Source records
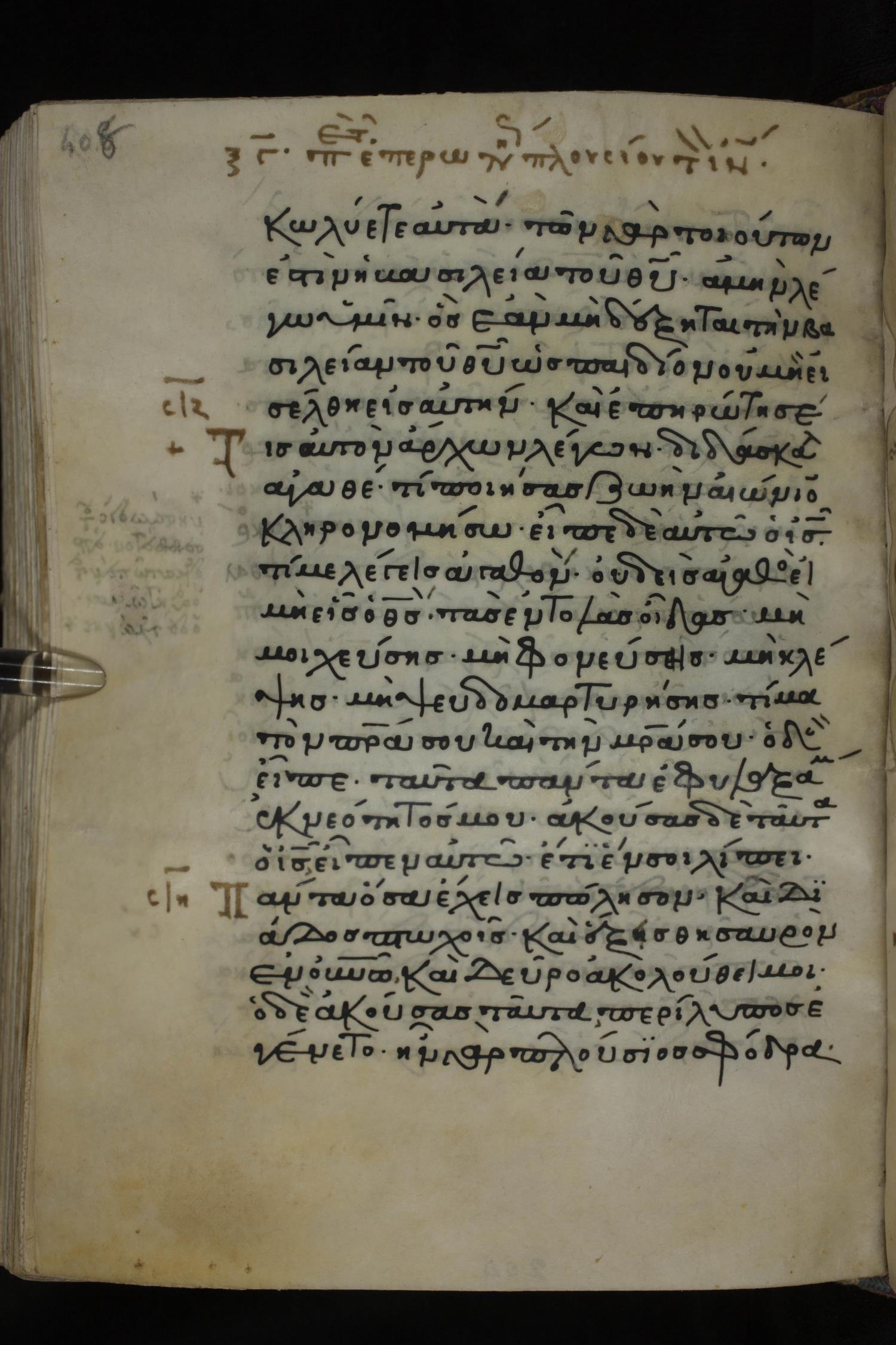 Twelfth century minuscule of the Gospels on parchment; 285 leaves, 1 column, 21-23 lines per column. Images were taken at the National Library of Greece in Athens.
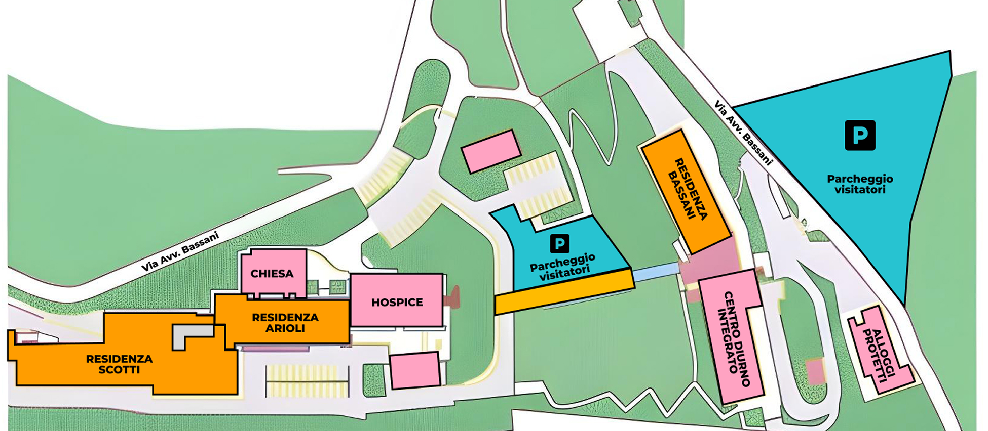 All’interno di un ampio parco di oltre 25.000 mq, si trovano le strutture che accolgono le unità assistenziali della Fondazione
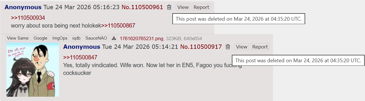 >>110502551 (me)Holy mental illnesshttps://archive.palanq.win/vt/search/tnum/110499360/deleted/deleted/
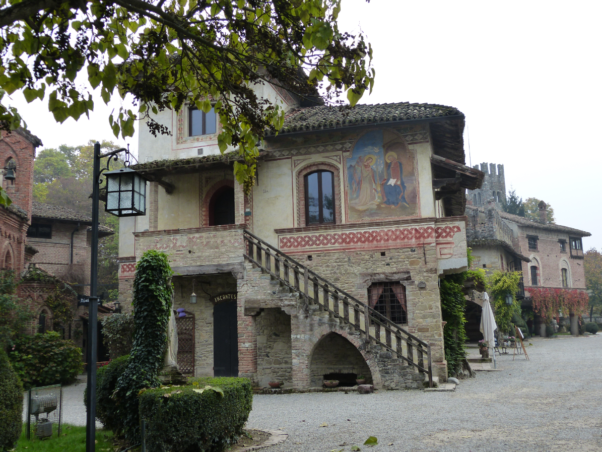 "Средневековая" деревушка выглядит просто очаровательно! Домики с черепичными крышами, преимущественно двухэтажные, группируются вокруг маленьких площадей с обелисками, статуями или фонтанами в центре. Какие-то здания увенчаны зубцами типа "ласточкин хвост". К некоторым домам пристроены высокие башни.
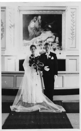 Daisy Veneda Margaretha* .Hjerpe (1934-2024) och Edvin Ingvald* Back (1931-2022) från Iskmo gifter sig 1957.
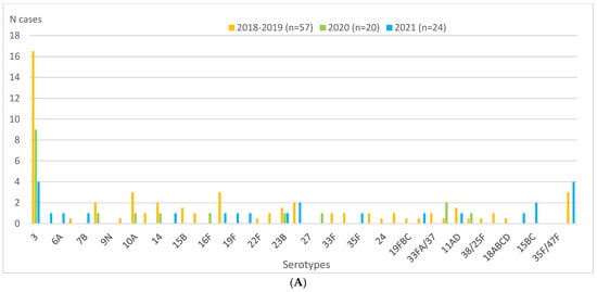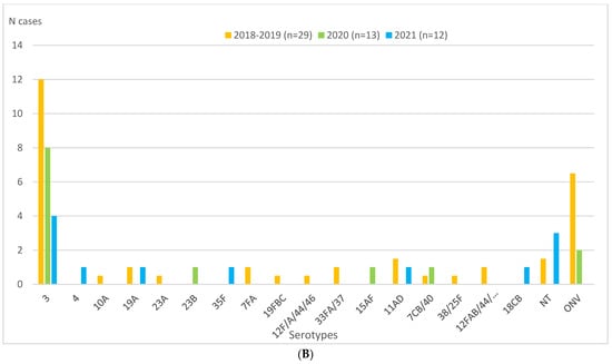 During the entire study period, half or more of IPD cases were diagnosed exclusively by PCR: 50.0% (29/57) in the 2018–2019 pre-pandemic period, 65% (13/20) in 2020, and 50.0% (12/24) in 2021 (Table 3). The most frequent serotype throughout the period was serotype 3, representing 29.8%, 45%, and 16.7% of cases in 2018–2019, 2020, and 2021, respectively (Table 1 and Figure 2A). Serotype 3 was exclusively diagnosed by PCR in 70.6% (12/17), 88.9% (8/9), and 100% (4/4) of cases in 2018–2019, 2020, and 2021, respectively (Figure 2A,B).
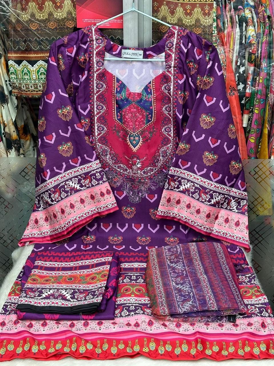 Charming purple silk set with floral print, featuring a kameez, pants, and matching orna.
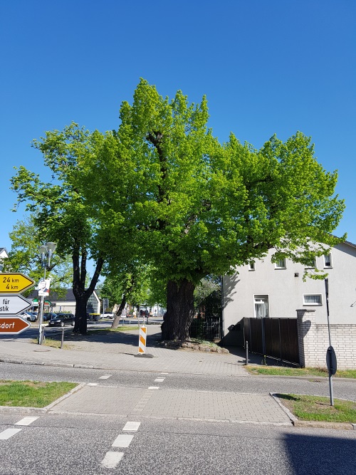 Es sind nicht nur Eichen, die in der Ortsgeschichte von Bedeutung sind. So zum Beispiel die imposante Linde nahe dem Gedenkturm. Selbige befand sich noch in den 1950er Jahren auf dem Grundstück Dorfaue 7, die schon damals durch die Begrenzung hindurch zu wachsen begann .

__Exercise aim__. For this exercise, reproduce exactly the lines of the records above from the one with "пристроены высокие башни." up to and including the one with "Daisy Veneda Margaretha*", without pictures.

__Your solution__.
 "Средневековая" деревушка выглядит просто очаровательно! Домики с черепичными крышами, преимущественно двухэтажные, группируются вокруг маленьких площадей с обелисками, статуями или фонтанами в центре. Какие-то здания увенчаны зубцами типа "ласточкин хвост". К некоторым домам пристроены высокие башни.
 Daisy Veneda Margaretha* .Hjerpe (1934-2024) och Edvin Ingvald* Back (1931-2022) från Iskmo gifter sig 1957.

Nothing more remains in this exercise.